Heterogeneous multi-laminar tissue constructs as a platform to evaluate aortic valve matrix-dependent pathogenicity.

Abstract

Designing and constructing controlled in vitro cell culture platforms is imperative toward pinpointing factors that contribute to the development of calcific aortic valve disease. A 3D, laminar, filter paper-based cell culture system that was previously established as a method of analyzing valvular interstitial cell migration and protein expression was adapted here for studying the impact of specific extracellular matrix proteins on cellular viability and calcification proclivity. Hydrogels incorporating hyaluronan and collagen I, two prevalent valvular extracellular matrix proteins with altered pathological production, were designed with similar mechanics to parse out effects of the individual proteins on cell behavior. Laminar constructs containing varying combinations of discrete layers of collagen and hyaluronan were assembled to mimic native and pathological valve compositions. Proteinaceous and genetic expression patterns pertaining to cell viability and calcific potential were quantified via fluorescent imaging. A significant dose-dependency was observed, with increased collagen content associated with decreased viability and increased calcific phenotype. These results suggest that extracellular composition is influential in calcific aortic valve disease progression and will be key toward development of future tissue-engineered or pharmaceutical calcific aortic valve treatments.

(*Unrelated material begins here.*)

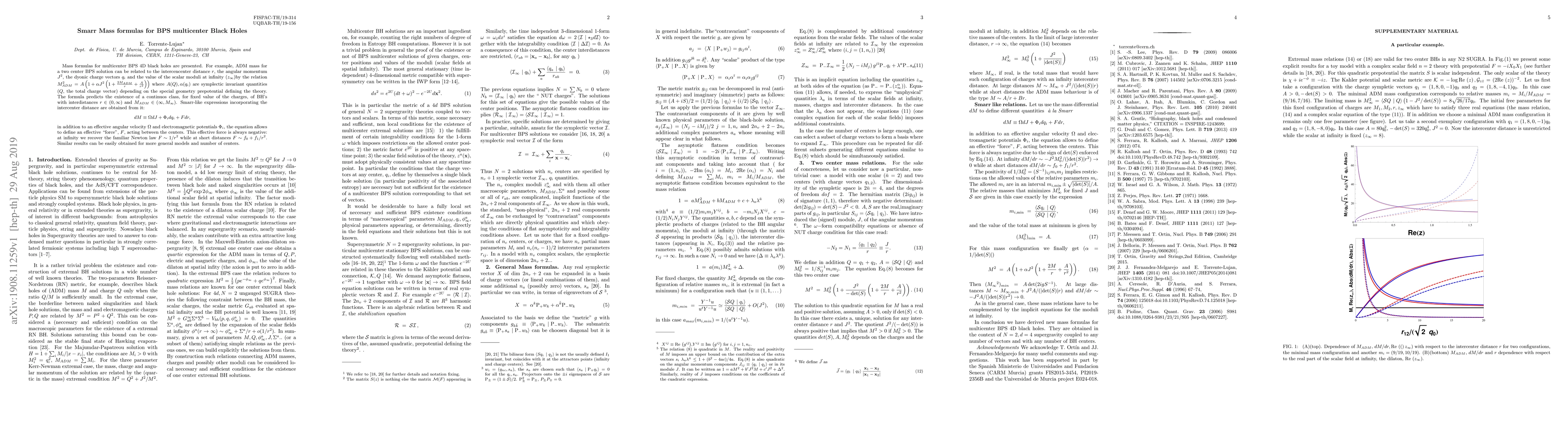Mass formulas for multicenter BPS 4D black holes are presented. For example, ADM mass for a two center BPS solution can be related to the intercencenter distance $r$, the angular momentum $J^2$, the dyonic charge vectors $q_i$ and the value of the scalar moduli at infinity ($z_\infty$)by $M_{ADM}^2 =A\left (1+ \alpha J^2\left(1+\frac{2M_{ADM}}{r}+\frac{A}{r^2}\right)\right)$ where $A(Q),\alpha(q_i)$ are symplectic invariant quantities ($Q$, the total charge vector) depending on the special geometry prepotential defining the theory. The formula predicts the existence of a continuos class, for fixed value of the charges, of BH's with interdistances $r\in (0,\infty)$ and $M_{ADM}\in (\infty,M_\infty)$. Smarr-like expressions incorporating the intercenter distance are obtained from it: $$ dM\equiv\Omega d J+\Phi_i d q_i+ F dr,$$ in addition to an effective angular velocity $\Omega$ and electromagnetic potentials $\Phi_i$, the equation allows to define an effective "force", $F$, acting between the centers. This effective force is always negative: at infinity we recover the familiar Newton law $F\sim 1/r^2$ while at short distances $F\sim f_0+f_1/r^2$. Similar results can be easily obtained for more general models and number of centers.
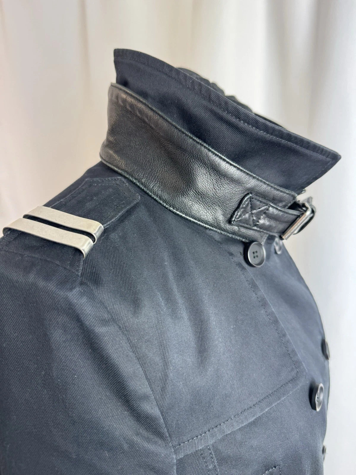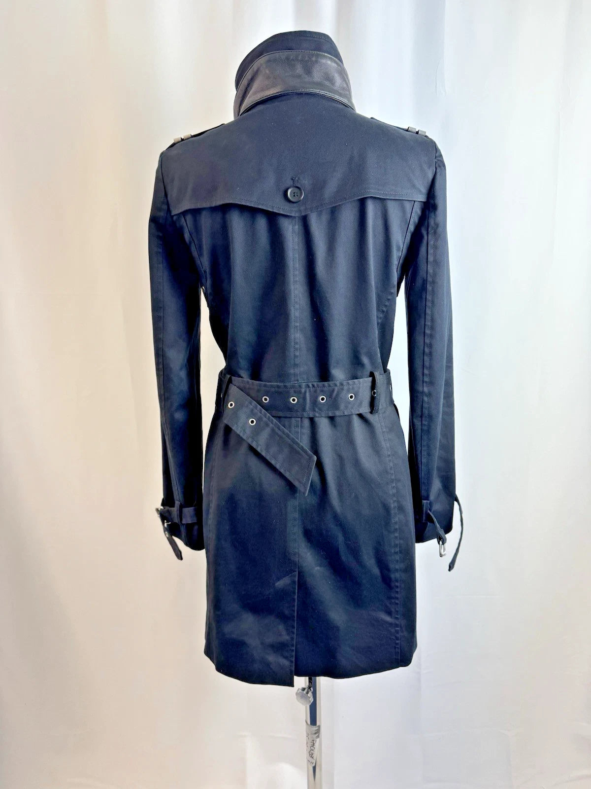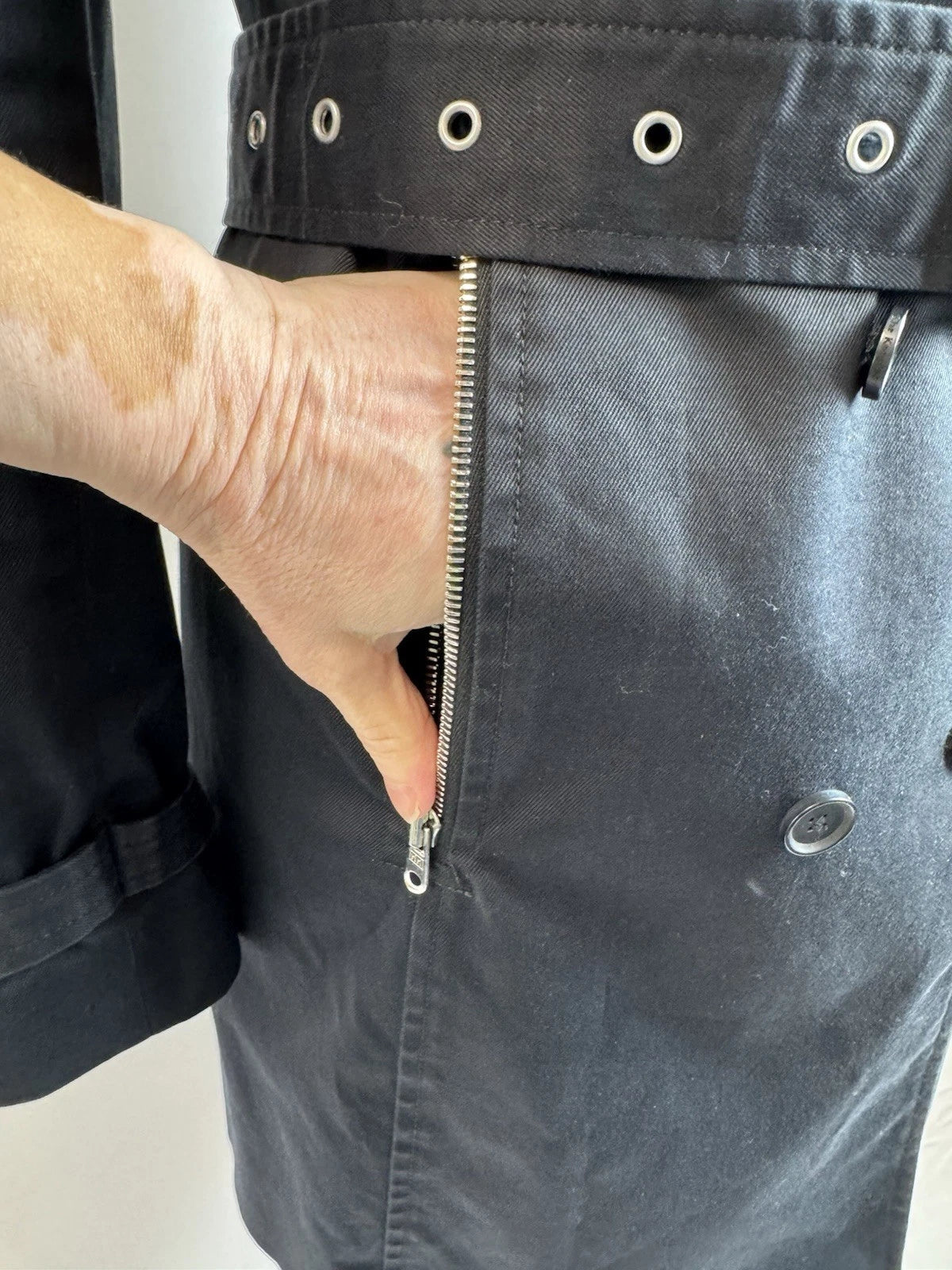The Kooples Women’s Black Biker Style Belted Trench Coat Zippers Epaulettes Sz 8

STATEMENT OF SIGNIFICANCE: Calcific aortic valve disease (CAVD), a widespread heart valve disorder, is characterized by fibrotic leaflet thickening and calcific nodule formation. This pathological remodeling is an active process mediated by the valvular interstitial cells (VICs). Currently, the only treatment available is surgical replacement of the valve - a procedure associated with significant long-term risk and morbidity. Development of effective alternate therapies is hindered by our poor understanding of CAVD etiology. Previous work has implicated the composition and mechanics of the extracellular matrix in the progression of CAVD. These individual factors and their magnitude of influence have not been extensively explored- particularly in 3D systems. Here, we have bridged this gap in understanding through the employment of a heterogeneous 3D, filter-paper culture system.